Le projet de loi prévoit que l'accession sociale à la propriété pourra être comptabilisée dans ces 20 % sociaux. N’est-il pas en effet cohérent que les logements construits afin d’aider les Français modestes à devenir propriétaires, soient eux aussi pris en compte ? Cela colle à la logique d’une « France de propriétaires » promise par le candidat Nicolas Sarkozy et à laquelle le Chef de l’Etat reste attaché. Mais ce n'est pas du goût de tout le monde. « Les ménages les plus modestes ne sont pas en mesure d'accéder à la propriété », s'emporte le collectif des associations. Quant à Jean-Luc Laurent, vice-président MRC du Conseil Régional d'Ile-de-France, qui redoute probablement leur embourgeoisement, il assure, sans excès ni preuve, que le gouvernement organise « le démantèlement du logement social ». Déjà en 2006 la majorité avait présenté un amendement en ce sens mais, face au tollé, avait dû faire machine arrière.


Autre problème en ces temps de disette budgétaire: la question du financement.

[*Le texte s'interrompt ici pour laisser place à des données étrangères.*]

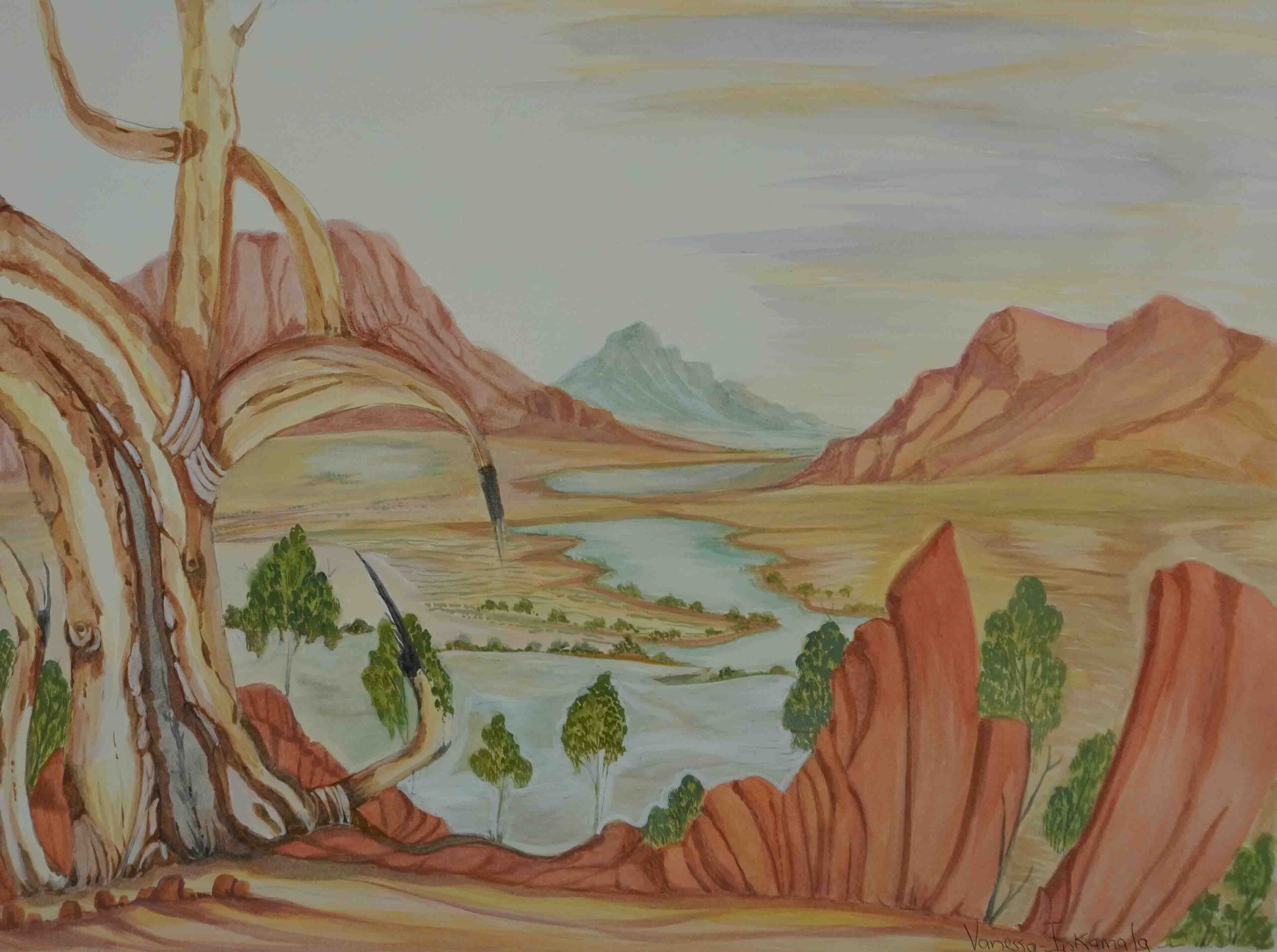 $1,700.00 1 in stock Tjoritja(West MacDonnell Ranges),NT quantity Add to cart Tjoritja(West MacDonnell Ranges),NT Catalog no. : 291-24 Artist name : Vanessa Inkamala (11 artworks) Category : Established artists Size : 53 x 73cm Medium : watercolour on paper Status : In stock
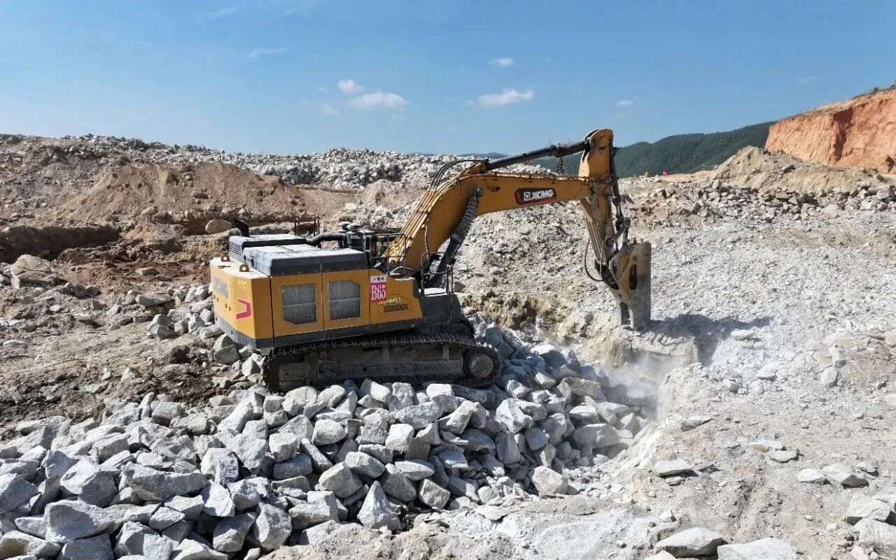 徐工挖掘機(jī)的出色表現(xiàn)源于持續(xù)迭代升級(jí)。榮獲2023年“中國(guó)工程機(jī)械行業(yè)TOP50市場(chǎng)表現(xiàn)金獎(jiǎng)”的XE650GK挖掘機(jī),采用新一代智能電控系統(tǒng),整機(jī)能效提升7%-10%,是攻堅(jiān)硬巖的核心力量。客戶稱贊其“穩(wěn)重順手、配重敦實(shí)、油耗經(jīng)濟(jì)”,40升油的消耗量極具優(yōu)勢(shì)。針對(duì)復(fù)雜工況,徐工精準(zhǔn)搭配設(shè)備:石方作業(yè)選用370、380型號(hào)配1.9m3鏟斗提升重載效率,土方及清表作業(yè)選用200型號(hào)兼顧靈活,多型號(hào)協(xié)同實(shí)現(xiàn)月產(chǎn)15萬(wàn)方,確保項(xiàng)目有望超額完成。

Pour mener à bien son projet Christine Boutin veut récupérer 800 millions d'euros des caisses du 1% logement (l’argent versé par les entreprises et qui représente une manne de 4 milliards d’euros). Ces sommes serviront pourtant à financer la réhabilitation et la construction de logements. Or, les partenaires sociaux qui gèrent ce budget ne souhaitent pas qu’une partie de leurs ressources soit employée tout aussi utilement par le gouvernement, que l’on sache clairement à quoi et sans leur avis. L’intérêt bien compris des mal-logés n’est donc pas un argument en soi suffisant. Les partenaires sociaux ne désirent pas partager leurs prérogatives, lesquelles s’exercent sur des fonds dont ils n’assurent pourtant pas la constitution.

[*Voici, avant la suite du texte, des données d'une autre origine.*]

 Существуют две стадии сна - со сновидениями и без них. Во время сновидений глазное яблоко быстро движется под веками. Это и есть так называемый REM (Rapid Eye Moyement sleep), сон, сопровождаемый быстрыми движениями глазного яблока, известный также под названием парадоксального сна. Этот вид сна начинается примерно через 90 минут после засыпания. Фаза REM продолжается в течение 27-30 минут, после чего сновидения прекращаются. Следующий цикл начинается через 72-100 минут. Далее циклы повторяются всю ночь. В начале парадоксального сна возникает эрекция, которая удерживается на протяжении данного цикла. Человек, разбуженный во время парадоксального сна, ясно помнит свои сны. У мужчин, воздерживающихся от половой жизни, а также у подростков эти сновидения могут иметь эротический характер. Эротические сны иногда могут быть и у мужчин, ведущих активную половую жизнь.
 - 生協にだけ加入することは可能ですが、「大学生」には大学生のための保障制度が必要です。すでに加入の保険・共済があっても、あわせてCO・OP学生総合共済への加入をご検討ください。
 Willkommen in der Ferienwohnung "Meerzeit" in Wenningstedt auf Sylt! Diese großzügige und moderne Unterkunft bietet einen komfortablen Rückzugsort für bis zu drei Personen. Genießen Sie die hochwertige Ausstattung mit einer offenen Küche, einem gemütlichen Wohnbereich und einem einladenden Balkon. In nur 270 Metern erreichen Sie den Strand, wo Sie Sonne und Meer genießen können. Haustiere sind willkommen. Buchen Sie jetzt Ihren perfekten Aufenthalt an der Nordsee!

La maison à 15 euros par jour
est la mesure la plus emblématique des 26 articles que comporte le projet de loi et elle a d’ailleurs déjà été mise en oeuvre. C’est du concret sur lequel les associations garde le silence. Christine Boutin s’emploie à en vendre 10.000 en 2009.

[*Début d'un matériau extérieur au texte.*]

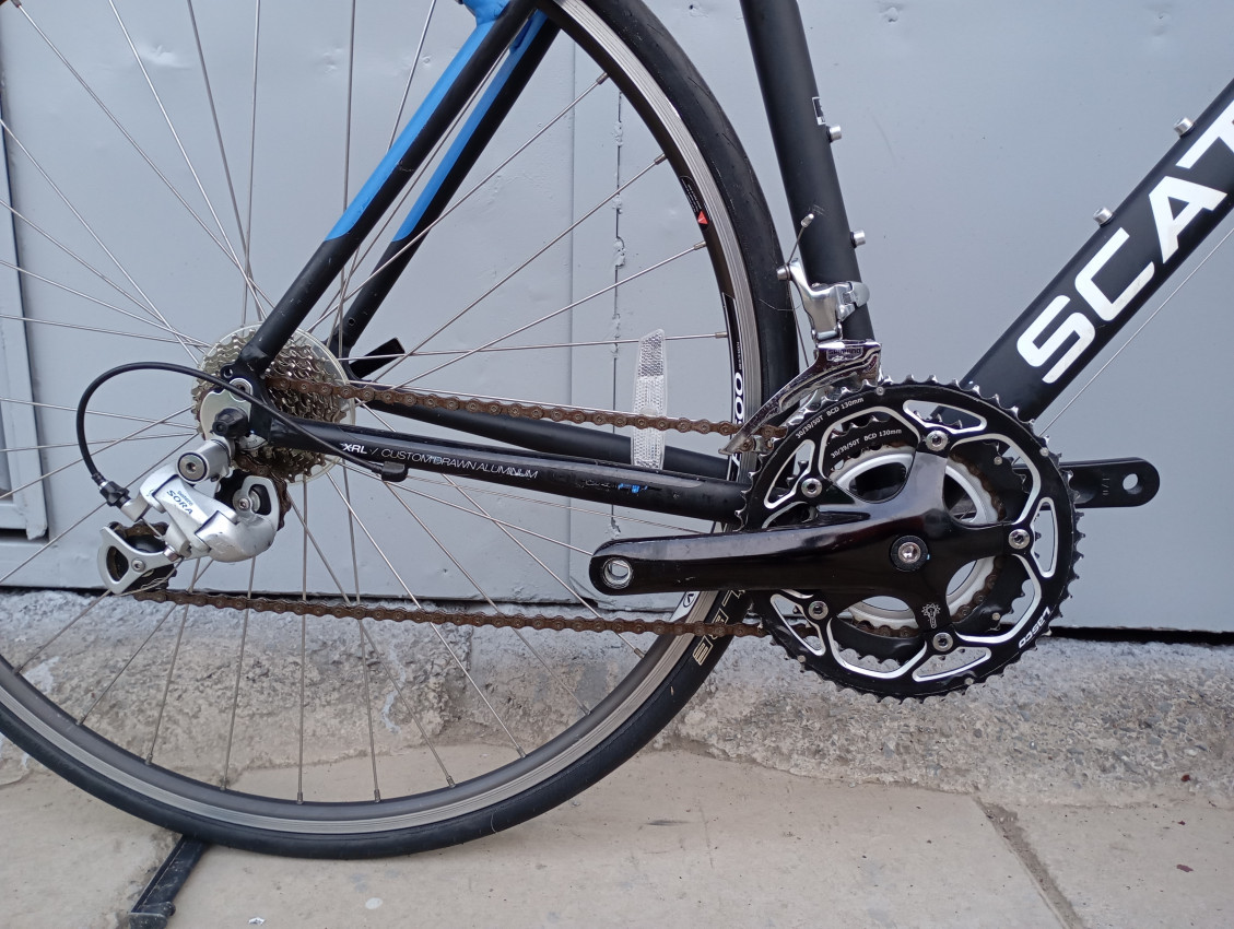 High quality used hybrid bike. Wheel size 700c. Frame material Aluminium with carbon fork. Top tube 20', seat tube height 20'. Gear system 3x9 with shimano trigger shifters. Cog type cassette. Other features: sealed BB all wheels have quick release.

La ministre souhaite par ailleurs mettre un terme à cette situation inadmissible des locataires dont la situation a évolué et ont désormais des revenus qui ne justifient plus leur présence en HLM : ils devront donc quitter leur logement d'ici trois ans. Considérant la situation que d’aucuns jugent préoccupante, les plafonds de revenus seront abaissés pour prétendre à un logement social. Objectif: s'assurer que ce sont bien ceux qui en ont le plus besoin qui ont accès à une HLM. Toutes ces mesures visent à supprimer les occupations abusives de logements sociaux et à fluidifier un marché saturé. 1,3 million de Français et de sans papiers sont en attente d’un logement.